The blue-green infrastructure addressed the city’s needs for reliable water supply, better water quality, and flood management while creating spaces for people and nature in the city. And because the agencies worked together, they achieved this result at a fraction of the cost.
Scaling Multi-Purpose, Resilient Infrastructure
Projects like Bishan-Ang Mo Kio Park set an excellent example of how cities can use nature-based solutions to build better, stronger infrastructure. By working together, from identifying the community’s needs to implementation, city departments can pursue projects that manage stormwater, provide recreation and education opportunities, cool neighborhoods, increase biodiversity, address mobility and expand housing at the same time. We need more projects like Bishan Park, but this sort of inter-departmental collaboration is easier said than done.
Cities need a successful mechanism to jointly plan and fund projects that cross-department jurisdictions and address multiple community needs. That’s why WRI, in partnership with Encourage Capital, is working to develop a framework called the Joint Benefits Authority, which will allow departments within a city to jointly plan, implement and finance these types of transformative projects by quantifying the range of benefits that cross-agency mandates.
We are working with the City of San Francisco, a member of the Cities4Forests initiative, to pilot the new idea, where the team is identifying locations that have multiple challenges, such as flooding, impacts from sea level rise, transportation, and open space gaps. If successful, the Joint Benefits Authority can provide communities across the globe with a template to replicate these types of collaborative projects.

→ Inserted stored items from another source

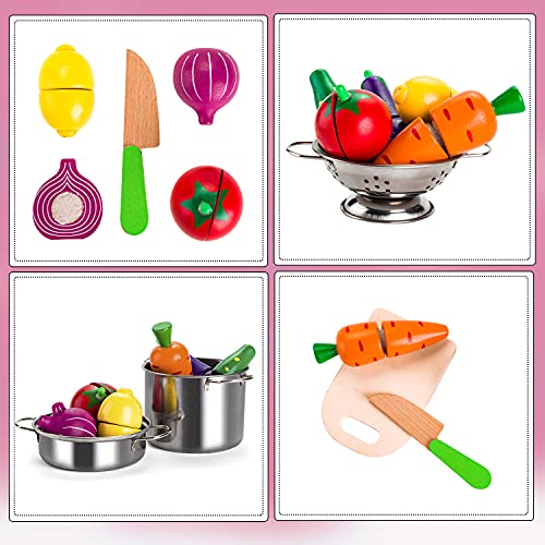 Tigerhu Küchenspielzeug Zubehör, Kinderküche Zubehör Holz, Spielküche Zubehör Lebensmittel Spielzeug Edelstahl Pfannenset Schürze Puppenküche Backformen, Rollenspiele Mädchen und Jungen
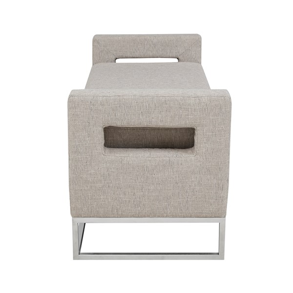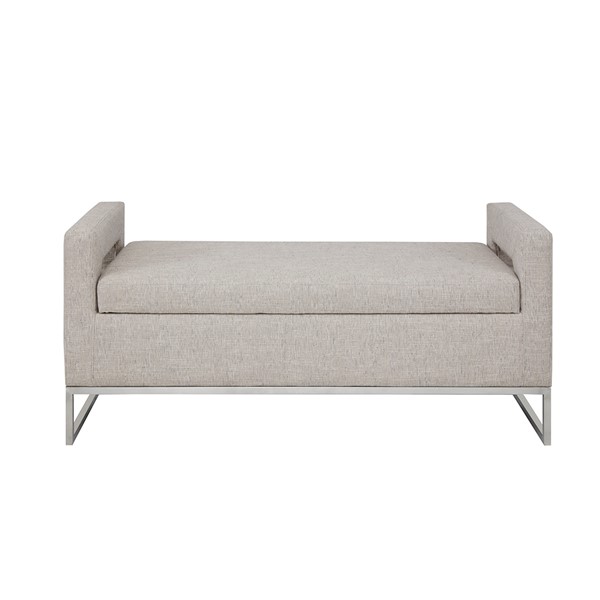 The Madison Park Crawford Storage Bench offers the perfect blend of style and functionality. This bench features open sides upholstered in a soft grey fabric and straight metal legs with a brushed silver electroplate finish, for a chic transitional look. The attached cushion on the rectangular seat provides exceptional comfort and opens up to an ample space to store your blankets and other essential items. Perfect for your living room, bedroom, or entryway, this upholstered storage bench beautifully complements any decor. Leg assembly required. Max weight capacity: 400 lbs
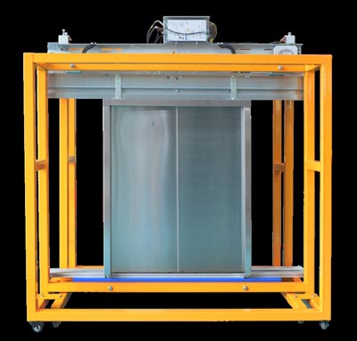 本裝置主要由鋼結構框架、門(mén)框、層門(mén)門(mén)扇、層門(mén)地坎、層門(mén)上坎、轎廂龍門(mén)架、轎廂門(mén)扇、轎廂門(mén)地坎、門(mén)機等部件組成 。學(xué)生根據隨機文件資料說(shuō)明,在鋼結構框架上進(jìn)行安裝與調整,使其符合電梯門(mén)系統相關(guān)規范要求。另外,為能夠使學(xué)生更方便的觀(guān)看門(mén)系統結構,為能夠使學(xué)生更方便的對轎門(mén)跟層門(mén)進(jìn)行操作,該裝置還可把轎門(mén)跟層門(mén)進(jìn)行分離單獨操作。
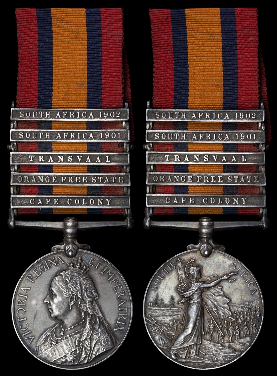 Queen's South Africa 1899-1902, 5 clasps, Cape Colony, Orange Free State, Transvaal, South Africa 1901, South Africa 1902 (20428 Pte W. Cook. 2nd Coy Imp: Yeo:), the last two clasps fitted to the Transvaal clasp with a riband roller and not rivetts, lightly toned, good very fine (2)
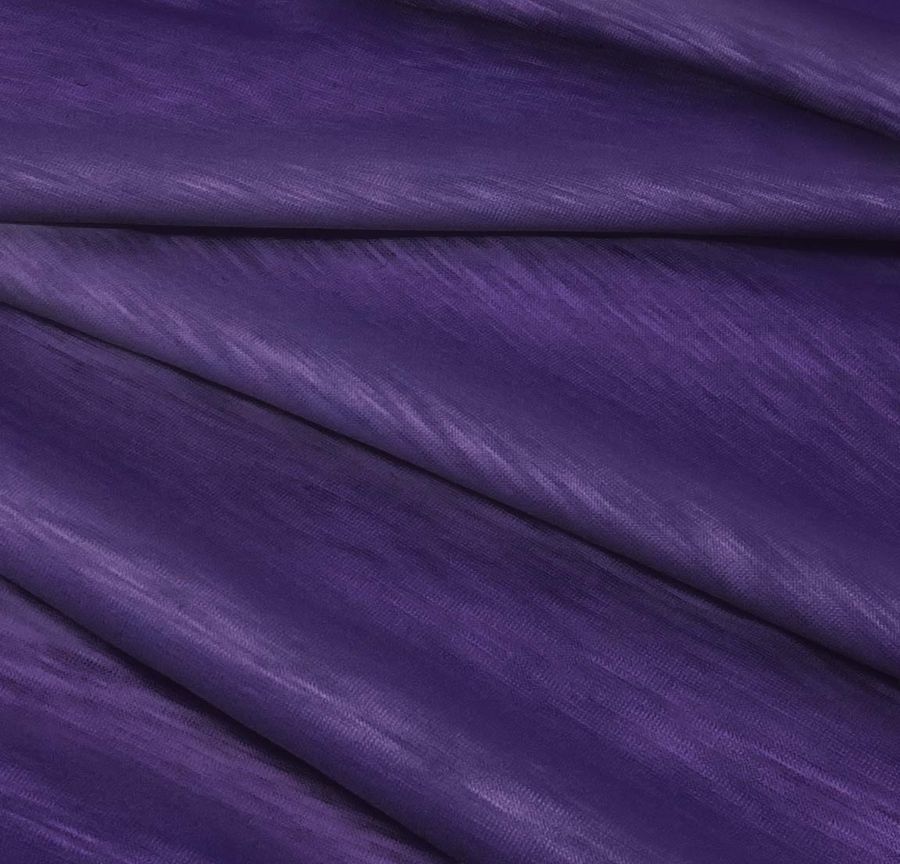 La tela base, Punto Camiseta Jaspeado - Dubái, tiene una composición del 100% POLIÉSTER y un gramaje de 135 gr/m2, con un ancho de 160 cm. Su color liso impreso es Morado y Violeta Ultramar, con un CMYK de 88 94 29 24. Este color además de transmitir serenidad y elegancia, combina muy bien con otros tonos como el gris y el azul oscuro.
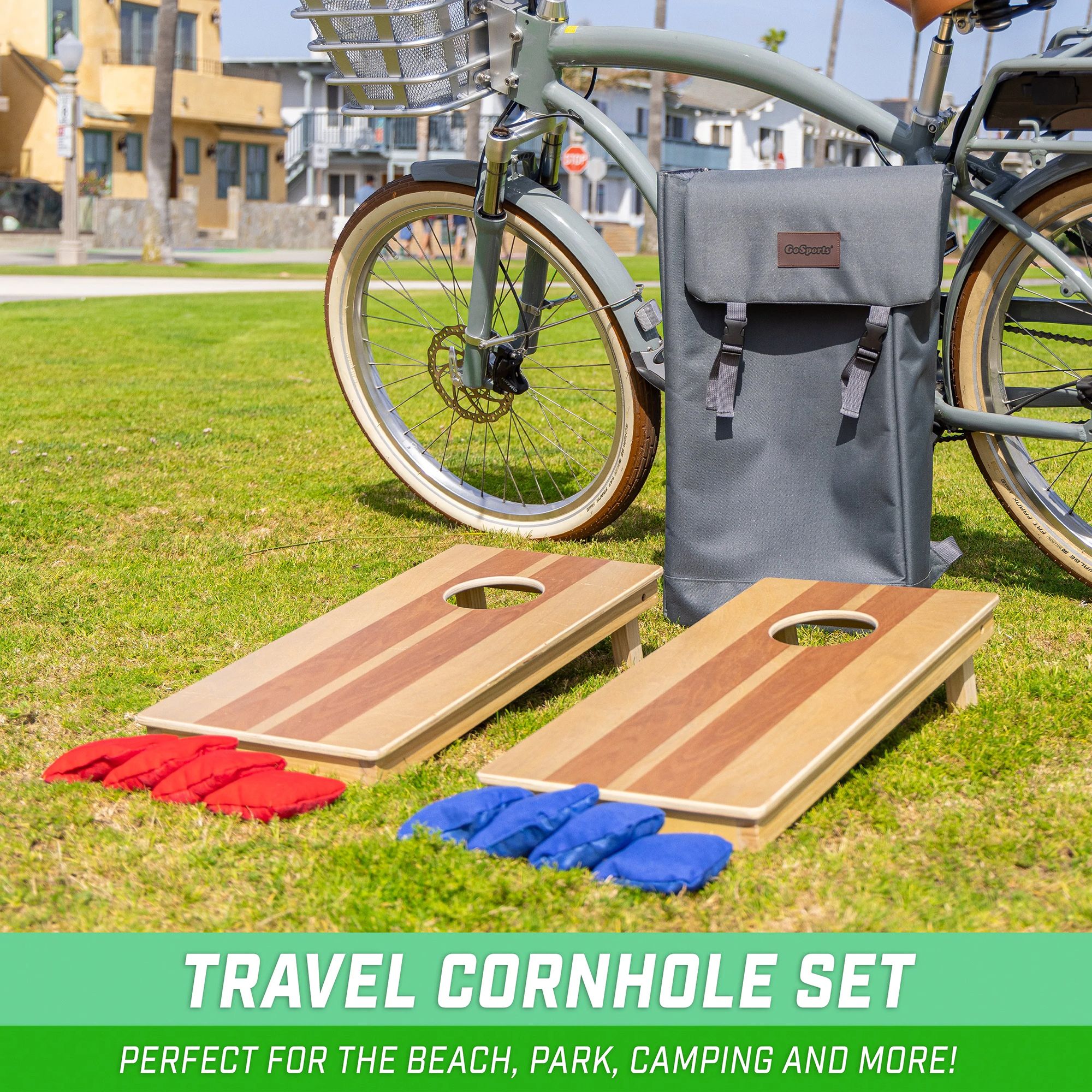 Love the size. The whole family had had much fun playing The! The board is solid wood with some classic stained stripes. The backpack is AWESOME; it is actually my favorite part. I love the padded straps and the perfectly sized design for carrying on the go. This set is perfect for traveling! It’s about half the size of the standard set, a fraction of the weight, and super portable and convenient to take to the park, or a friends house. It’s as strong and sturdy as it gets, and comes with professional, 2-sided stick and slick bags. It uses different fabric on each side to make one side slicker than the other.I can’t wait to take this backpack version camping with me. It would be great at tailgate parties, company picnics in the park, at the beach and just about anywhere you are participating in an outdoor get together. This set is so convenient to carry and use that I can see it being used quite frequently. Plus, it is a lot of fun! If you are thinking about ordering it, Just Do It! You and others will have hours and hours of fun.
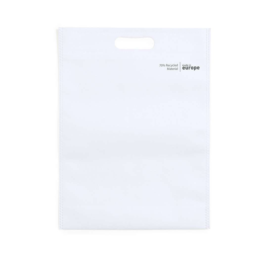 Borsa della linea Natura, realizzata in TNT riciclato da 70g/m2. Prodotta in Europa, con finitura termosaldata, soffietto alla base, manico fustellato rinforzato ed etichetta eco/made in sulla borsa.

The coronavirus pandemic shows that many of our city systems are fragile. It also highlights the stark division between those with and those without adequate public resources and amplifies the vulnerabilities of our underserved communities.
As the world turns to focus on economic recovery efforts, which will likely include stimulus funding to replace aging infrastructure, we face a choice: do we simply patch up the inadequate systems that already exist, or do we build back better with new approaches?
Cities will need to prioritize resilience in order to thrive. Nature-based solutions can help deliver resilient, affordable, and equitable infrastructure, but only if departments can work together for the good of their communities.